Acredito que para a América Latina a característica mais importante da vacina, dado que todas elas têm alta eficácia, principalmente para prevenir formas graves da doença, é que ela pode ser mantida refrigerada

Edda Lydia Sciutto Conde, pesquisadora do departamento de Biomedicina da Universidade Nacional Autônoma do México, explicou que o manuseio e o armazenamento são questões fundamentais para a América Latina.

"Acredito que para a América Latina a característica mais importante da vacina, dado que todas elas têm uma alta eficácia, principalmente para prevenir formas graves da doença, é que ela pode ser mantida refrigerada”. Temos experiência com esse tipo de logística na América Latina para tratá-las adequadamente e [que] permitirá sua distribuição e ... aplicação", disse ela.

O fornecimento de vacinas chinesas e o apoio à infraestrutura é uma tendência que especialistas chamam de “diplomacia da vacina”. Analistas políticos e comerciais dos Estados Unidos sugeriram que a China, assim como a Rússia, está aproveitando a oportunidade para fortalecer seu soft power nos países em desenvolvimento.

Para Tello, "A meu ver, a China gostaria de obter alguns benefícios comerciais ou políticos com isso, usando seu poder de barganha com as vacinas".

Uma infinidade de especialistas e artigos de opinião se aglutinaram em torno da ideia de que a China quer melhorar sua imagem no cenário mundial por meio das vacinas. Associado a isso, acreditam ser do interesse do gigante asiático ganhar espaço na América Latina em um momento em que os Estados Unidos parecem deixá-la em segundo plano.

Por mais oportunista que possa parecer a "diplomacia da vacina", as estruturas de cooperação sanitária entre a China e a América Latina são anteriores à pandemia. Documentos do Ministério das Relações Exteriores da China emitidos em 2008 e 2016 comprometem-se a cooperar com a América Latina e o Caribe no controle de doenças e em resposta a emergências de saúde pública.

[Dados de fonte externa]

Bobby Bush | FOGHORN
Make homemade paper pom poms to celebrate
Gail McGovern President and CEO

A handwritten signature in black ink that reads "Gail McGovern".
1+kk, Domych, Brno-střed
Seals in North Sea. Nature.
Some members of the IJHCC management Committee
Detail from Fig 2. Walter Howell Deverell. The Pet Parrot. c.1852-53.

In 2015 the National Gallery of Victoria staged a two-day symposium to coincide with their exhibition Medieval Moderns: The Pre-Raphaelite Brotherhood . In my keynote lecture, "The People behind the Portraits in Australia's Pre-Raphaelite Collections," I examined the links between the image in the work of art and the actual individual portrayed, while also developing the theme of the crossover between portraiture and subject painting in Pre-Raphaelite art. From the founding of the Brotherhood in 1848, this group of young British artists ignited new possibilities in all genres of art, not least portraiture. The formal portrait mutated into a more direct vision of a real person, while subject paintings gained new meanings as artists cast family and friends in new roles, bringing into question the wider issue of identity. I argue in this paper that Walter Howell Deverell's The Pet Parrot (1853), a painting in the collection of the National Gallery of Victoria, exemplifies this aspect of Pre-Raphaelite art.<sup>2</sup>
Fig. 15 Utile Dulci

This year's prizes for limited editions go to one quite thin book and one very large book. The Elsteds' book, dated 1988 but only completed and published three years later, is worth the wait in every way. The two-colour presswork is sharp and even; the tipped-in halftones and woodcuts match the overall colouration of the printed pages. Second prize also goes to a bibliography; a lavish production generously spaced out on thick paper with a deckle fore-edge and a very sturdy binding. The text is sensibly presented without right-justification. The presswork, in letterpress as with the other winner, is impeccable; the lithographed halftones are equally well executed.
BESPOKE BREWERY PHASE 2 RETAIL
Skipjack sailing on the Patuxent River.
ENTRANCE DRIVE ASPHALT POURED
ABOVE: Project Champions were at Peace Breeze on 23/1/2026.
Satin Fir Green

A China se comprometeu a "ajudar os países da América Latina e do Caribe a treinar equipes médicas,melhorar as instalações médicas, enviar equipes para esses países e estar pronta para prestar assistência dentro de sua capacidade de prevenção e controle de surtos repentinos de doenças infecciosas", diz o documento de 2016.

As elites furam a fila

É comum ouvir escândalos de políticos que furam a vila e têm acesso à vacina primeiro na América Latina.

Como relatado pela Al-Jazeera em fevereiro, dois ministros no Peru e um na Argentina se demitiram após revelações de que haviam aproveitado o acesso preferencial à vacina para si próprios e suas famílias.

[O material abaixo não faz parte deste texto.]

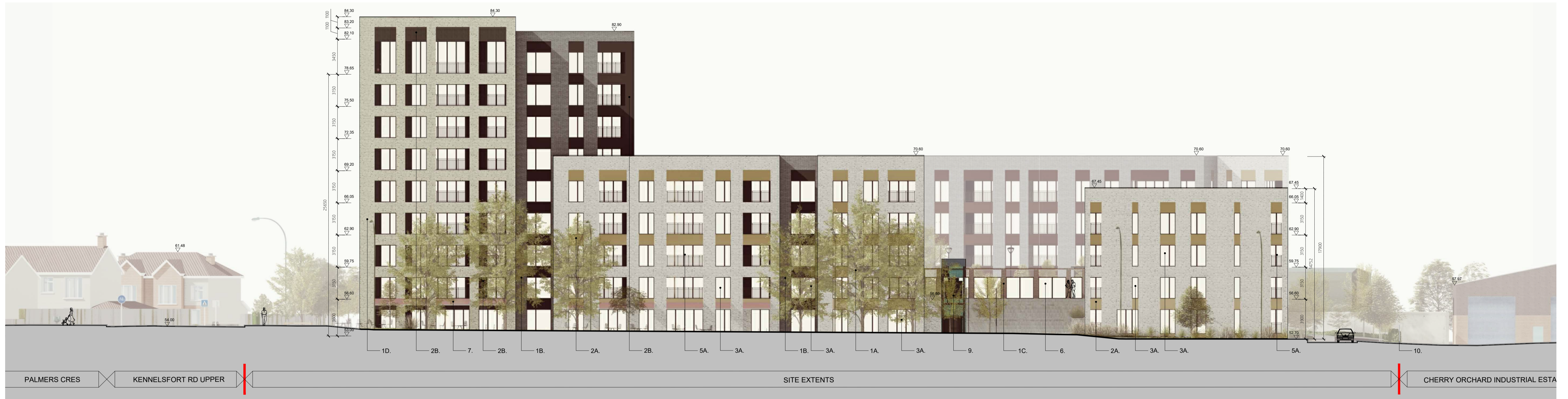
1 SOUTH ELEVATION SCALE 1:200
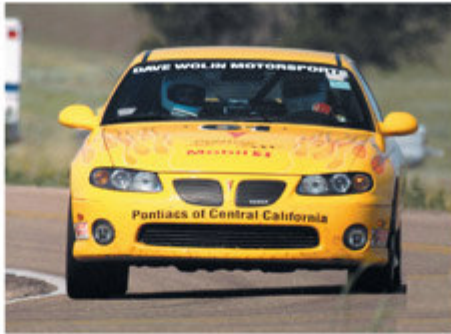
The 2004 Pontiac GTO is one of the world's fastest production two-door sedans.
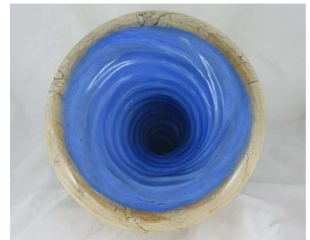
Paul Stafford – Whirlpool Bowl out of Maple w/Crystalac finish.
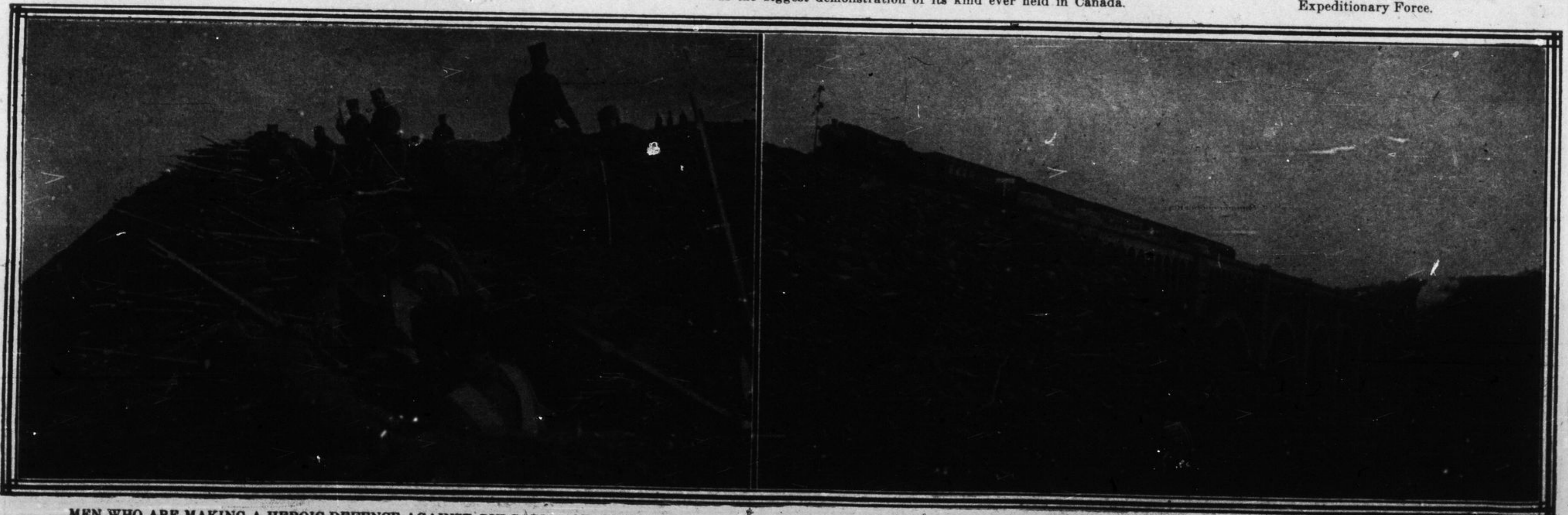
MEN WHO ARE MAKING A HEROIC DEFENCE AGAINST BULGARIA AND GERMANY: SERBIAN INFANTRY MANNING A HILL-TOP TRENCH.
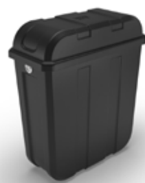
BLACK COMMUTER PANNIER
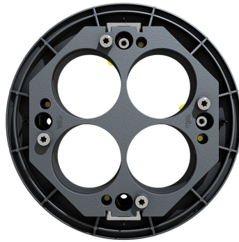
ETGAR wall sleeve for building services outlet
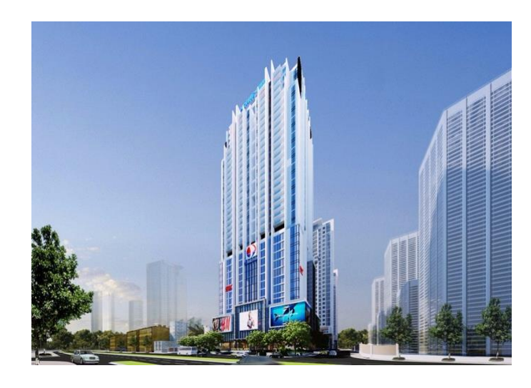
Hoang Huy Riverside Project
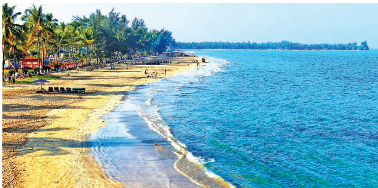
A panoramic view on Ngwehsaung Beach, nearly 48 km west of Pathein, with visitors.
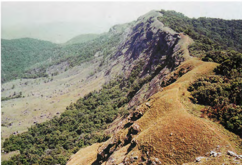
Figure 4. Habitat site of goral in western Doi Mon Jong.
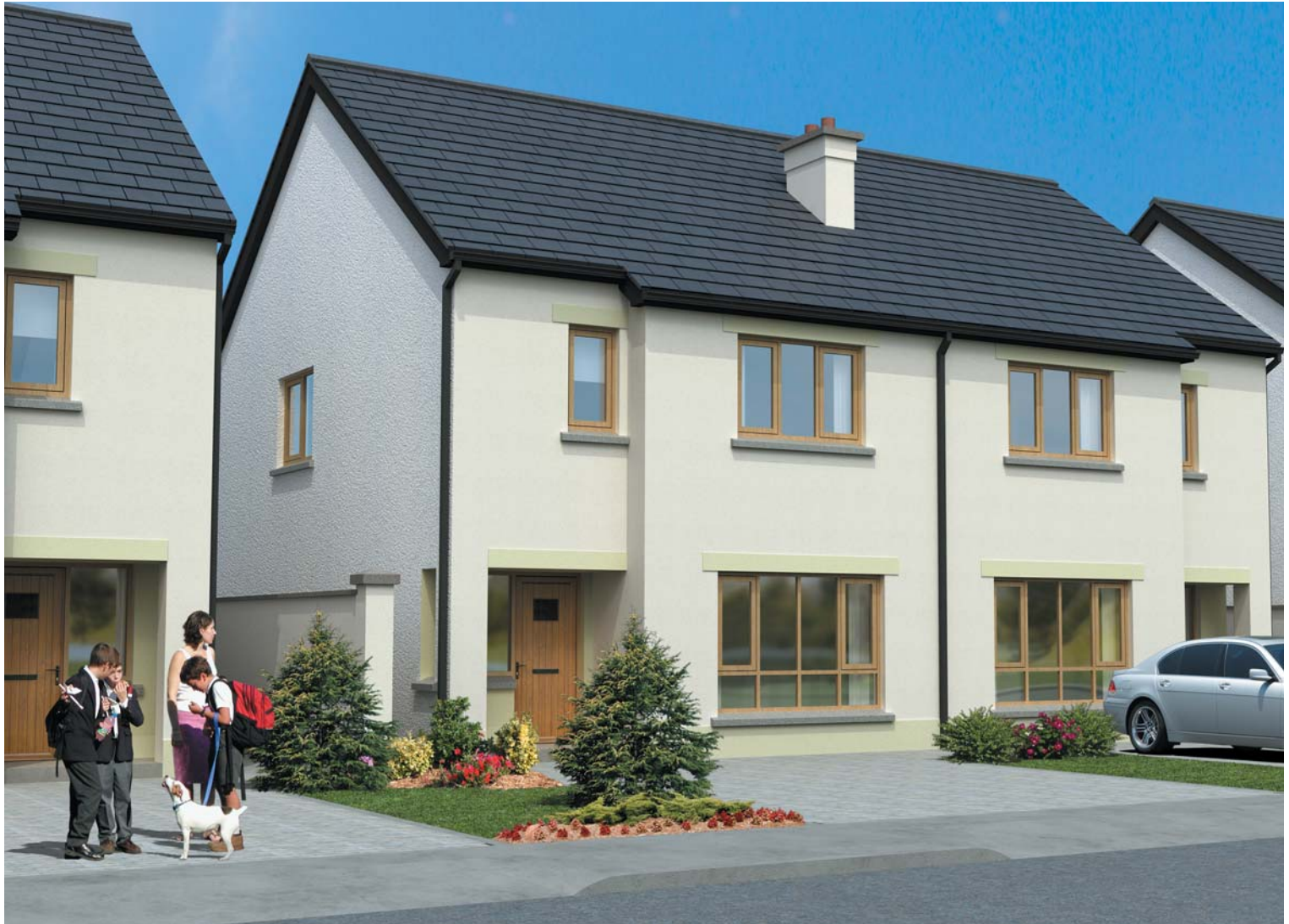
Type C1 (3 bed semi detached, 1307 sq ft / 121.40 sq mts)
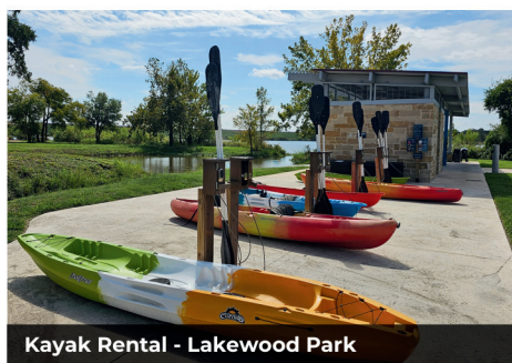
Kayak Rental - Lakewood Park

No Equador, o ministro da Saúde renunciou após críticas sobre sua decisão de enviar parte do primeiro carregamento de vacinas do país diretamente para um asilo onde vivem sua mãe e outros parentes.

No Brasil, mais de 4.700 denúncias sobre “furadores de fila” já foram apresentadas ao Ministério Público.

Como em muitas regiões, os latino-americanos expressaram preocupação sobre a eficácia de qualquer vacina na prevenção de infecções, e a proteção que oferecem contra novas cepas ainda está por ser vista.

Mas como salienta Sciutto, o programa de vacinação é seguro e precisa fazer progressos. Sem vacinas, sejam elas quais forem, as pessoas continuarão a adoecer e vidas serão perdidas.

"É urgente aplicar a vacina em grande escala no menor tempo possível, a fim de reduzir a possibilidade de as novas variantes se espalharem pela população e agravar a pandemia", disse.